Exercise description => From the entries that follow, copy exactly the lines beginning at the line holding "Brown, William –" and continuing through the line holding "Emilio Pucci Leather".

"""

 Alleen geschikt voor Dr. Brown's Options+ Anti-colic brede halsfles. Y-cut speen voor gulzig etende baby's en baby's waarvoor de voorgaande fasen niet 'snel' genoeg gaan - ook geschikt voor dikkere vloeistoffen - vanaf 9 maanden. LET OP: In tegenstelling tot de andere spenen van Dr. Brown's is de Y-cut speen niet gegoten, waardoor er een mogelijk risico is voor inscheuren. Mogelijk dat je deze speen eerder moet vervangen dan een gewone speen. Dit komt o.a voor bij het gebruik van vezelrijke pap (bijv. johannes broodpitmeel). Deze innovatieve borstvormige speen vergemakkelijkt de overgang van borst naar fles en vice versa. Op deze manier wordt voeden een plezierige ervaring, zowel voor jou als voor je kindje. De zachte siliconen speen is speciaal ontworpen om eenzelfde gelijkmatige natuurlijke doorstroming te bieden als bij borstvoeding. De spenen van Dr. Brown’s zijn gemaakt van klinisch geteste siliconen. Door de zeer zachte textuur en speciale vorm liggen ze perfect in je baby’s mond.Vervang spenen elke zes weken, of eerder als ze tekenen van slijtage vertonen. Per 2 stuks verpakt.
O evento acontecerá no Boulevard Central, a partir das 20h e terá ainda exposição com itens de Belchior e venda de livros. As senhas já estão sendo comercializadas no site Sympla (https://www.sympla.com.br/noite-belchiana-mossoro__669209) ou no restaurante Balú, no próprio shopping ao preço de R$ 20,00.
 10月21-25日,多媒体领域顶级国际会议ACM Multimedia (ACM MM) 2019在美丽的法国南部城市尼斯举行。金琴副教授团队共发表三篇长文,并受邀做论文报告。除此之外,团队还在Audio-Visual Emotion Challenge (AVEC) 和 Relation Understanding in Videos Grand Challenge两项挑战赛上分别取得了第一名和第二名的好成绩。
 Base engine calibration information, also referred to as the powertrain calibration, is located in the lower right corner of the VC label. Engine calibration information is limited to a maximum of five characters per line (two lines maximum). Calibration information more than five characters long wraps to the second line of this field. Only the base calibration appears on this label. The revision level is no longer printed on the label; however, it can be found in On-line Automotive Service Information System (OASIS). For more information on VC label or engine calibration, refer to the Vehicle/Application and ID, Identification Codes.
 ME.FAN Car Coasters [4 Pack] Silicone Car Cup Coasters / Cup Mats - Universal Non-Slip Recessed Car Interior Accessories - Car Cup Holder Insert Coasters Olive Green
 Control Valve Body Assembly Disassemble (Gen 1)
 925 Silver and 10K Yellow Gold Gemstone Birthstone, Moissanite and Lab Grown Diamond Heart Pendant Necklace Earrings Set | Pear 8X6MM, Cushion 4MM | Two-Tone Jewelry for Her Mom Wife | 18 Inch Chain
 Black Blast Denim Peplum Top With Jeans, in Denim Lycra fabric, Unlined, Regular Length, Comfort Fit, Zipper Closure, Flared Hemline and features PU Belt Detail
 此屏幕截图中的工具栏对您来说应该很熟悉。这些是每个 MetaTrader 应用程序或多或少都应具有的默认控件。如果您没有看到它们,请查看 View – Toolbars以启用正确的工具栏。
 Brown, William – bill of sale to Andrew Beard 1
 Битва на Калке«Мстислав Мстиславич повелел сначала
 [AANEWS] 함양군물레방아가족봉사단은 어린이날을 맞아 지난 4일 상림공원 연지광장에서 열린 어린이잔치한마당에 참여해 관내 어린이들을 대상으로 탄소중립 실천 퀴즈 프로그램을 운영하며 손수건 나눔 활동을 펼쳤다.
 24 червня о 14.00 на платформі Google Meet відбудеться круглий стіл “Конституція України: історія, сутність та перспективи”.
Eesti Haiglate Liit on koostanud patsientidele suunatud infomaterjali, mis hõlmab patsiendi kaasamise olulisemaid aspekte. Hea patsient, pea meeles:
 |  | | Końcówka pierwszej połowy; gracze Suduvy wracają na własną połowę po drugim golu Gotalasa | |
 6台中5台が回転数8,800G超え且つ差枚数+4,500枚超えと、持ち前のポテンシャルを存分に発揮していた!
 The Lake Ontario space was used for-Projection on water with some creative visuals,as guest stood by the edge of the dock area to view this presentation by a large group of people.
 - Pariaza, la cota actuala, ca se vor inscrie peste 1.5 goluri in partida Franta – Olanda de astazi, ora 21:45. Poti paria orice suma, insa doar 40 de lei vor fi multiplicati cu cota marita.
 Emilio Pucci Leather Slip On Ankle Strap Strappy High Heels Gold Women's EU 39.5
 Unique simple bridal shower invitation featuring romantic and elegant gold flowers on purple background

"""

Solution for this exercise =>
 Brown, William – bill of sale to Andrew Beard 1
 Битва на Калке«Мстислав Мстиславич повелел сначала
 [AANEWS] 함양군물레방아가족봉사단은 어린이날을 맞아 지난 4일 상림공원 연지광장에서 열린 어린이잔치한마당에 참여해 관내 어린이들을 대상으로 탄소중립 실천 퀴즈 프로그램을 운영하며 손수건 나눔 활동을 펼쳤다.
 24 червня о 14.00 на платформі Google Meet відбудеться круглий стіл “Конституція України: історія, сутність та перспективи”.
Eesti Haiglate Liit on koostanud patsientidele suunatud infomaterjali, mis hõlmab patsiendi kaasamise olulisemaid aspekte. Hea patsient, pea meeles:
 |  | | Końcówka pierwszej połowy; gracze Suduvy wracają na własną połowę po drugim golu Gotalasa | |
 6台中5台が回転数8,800G超え且つ差枚数+4,500枚超えと、持ち前のポテンシャルを存分に発揮していた!
 The Lake Ontario space was used for-Projection on water with some creative visuals,as guest stood by the edge of the dock area to view this presentation by a large group of people.
 - Pariaza, la cota actuala, ca se vor inscrie peste 1.5 goluri in partida Franta – Olanda de astazi, ora 21:45. Poti paria orice suma, insa doar 40 de lei vor fi multiplicati cu cota marita.
 Emilio Pucci Leather Slip On Ankle Strap Strappy High Heels Gold Women's EU 39.5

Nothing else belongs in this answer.